What does performance mean when discussing artificial intelligence? Many minds are working the problem, but not yet in a unified manner.


Many companies are developing AI chips, both for training and for inference. Although getting the required functionality is important, many solutions will be judged by their performance characteristics. Performance can be measured in different ways, such as number of inferences per second or per watt. These figures are dependent on a lot of factors, not just the hardware architecture. The optimization of the software toolchain is a lot more complex than it was for general-purpose processors.

Some early devices have not met their objectives. “In talking to customers evaluating AI Inference solutions, we consistently hear that actual results often fail to come close to the original claims,” says Geoff Tate, CEO of Flex Logix.

Some of this is due to the immaturity of the technology. “Think of the time it takes to go from an original design concept and take that through to silicon,” says Andrew Grant, senior product director at Imagination Technologies. “That can be two to three years. They are all gambling and trying to work out the trajectory of the market. Will they still be executing the right workloads in two years time or five years time? If not, they will be left by the roadside as something else takes over and their market is gone.”

The AI market is complex with many goals. “Everyone is trying to figure out what is good enough,” says Ron Lowman, product marketing manager for artificial intelligence at Synopsys. “It comes down to the use case. Some use cases require much better accuracy — such as in automotive, compared to some simple object identification. Some care about performance per millijoule or per watt, or inferences per second. It all comes down to the use case and what they are trying to accomplish.”

Current implementations are a long way from being ideal. “Estimations say that a network of processor cores with the overall compute power of the human brain will fail in meeting the power consumption by at least four orders of magnitude,” says Roland Jancke, head of department for design methodology at Fraunhofer IIS Engineering of Adaptive Systems Division. “The efficiency seems to be related to very small yet flexible compute nodes with numerous configurable interconnects.”

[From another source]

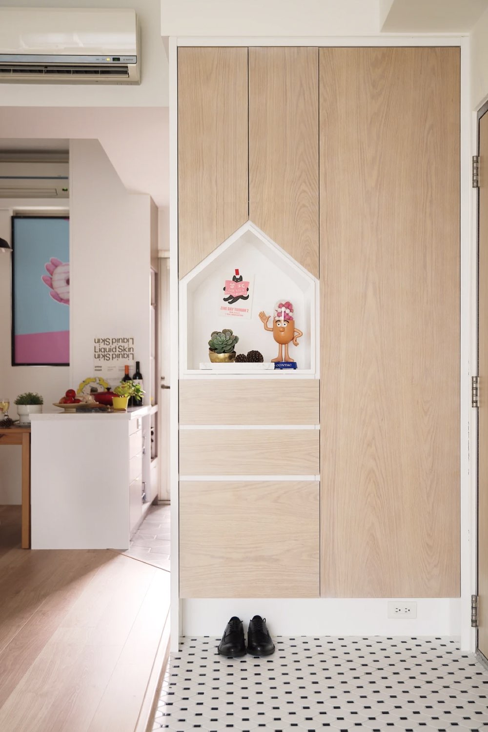 Dans un petit logement, pour éviter le sentiment de manquer de place, les rangements sont importants. Ils doivent être suffisamment nombreux pour répondre à vos besoins. Ici, c'est l'espace entrée qui permet de créer des espaces de rangements. L'entrée est ouverte sur le salon (et délimitée visuellement avec un tapis de carrelage). La seule cloison de l'espace est un meuble sur mesure avec un placard, des tiroirs et une niches. Ce meuble permet de ranger sans montrer - pratique pour les affaires peu esthétiques.

And power is a big concern. “The die sizes are often particularly large with thousands of cores all striving for maximum performance and data throughput on advanced nodes,” says Richard McPartland, technical marketing manager for Moortec. “Power requirements are typically so large — often in the hundreds of watts range — that thermal management and power distribution are key issues. With so much power pouring into these large die, temperature monitoring of critical circuits is a must. Typically, we see tens of temperature sensors being implemented across large AI die to monitor multiple clusters of cores. These enable thermal load balancing, where workloads are distributed not just based on which cores are available, but also on real-time temperatures. Accurate temperature sensors enable finer-grain throttling of compute elements and help keep compute throttling to the minimum.”

Accuracy is a new optimization criterion. “The main metric is performance, meaning throughput in terms of how many inferences or trainings I can process in a certain amount of time,” says Tim Kogel, principal engineer at Synopsys. “Second is power consumption and that applies both for embedded devices and the data center, where power has become the primary cost metric. It is also accuracy — the quality of the results — how good is the inference. I can optimize an implementation by reducing quantization, but that has a cost in terms of loss of accuracy.”

Some loss of accuracy is to be expected. “They would like the accuracy of inference to be very close to what they are getting with the trained network and algorithm,” says Lazaar Louis, senior director of product management, marketing and business development for Tensilica IP at Cadence. “It is trained in floating-point and they have accuracy expectations. Research and examples have shown that you can achieve very good inference with integer processing, and you do not need floating point. Some companies say that they are willing to tolerate a couple of percent error because it is okay for their application and they want the best performance. It is very important that we have a software stack that can meet those requirements.”

And this is where things start to get complicated. “This is the beauty and the challenge,” adds Synopsys’ Kogel. “All parts matter because they are coupled. It does not make sense to come up with the beautiful hardware architecture and not have a good ML compiler that takes advantage of all the features in your hardware. When talking about algorithms, which includes the quality of the data and the architecture of the network itself, it is the domain of the data scientists. When looking at it from the perspective of the semiconductor, or the system house that is building an inference chip, it is about mapping these algorithms and running them. It is the toolchain and the hardware together that are responsible for the quality of results and how well the metrics are met. Plus, the combination of metrics is different for different applications. ML can be applied in many areas and all of them have different requirements for performance, power and accuracy. It is difficult to come up with one that fits all.”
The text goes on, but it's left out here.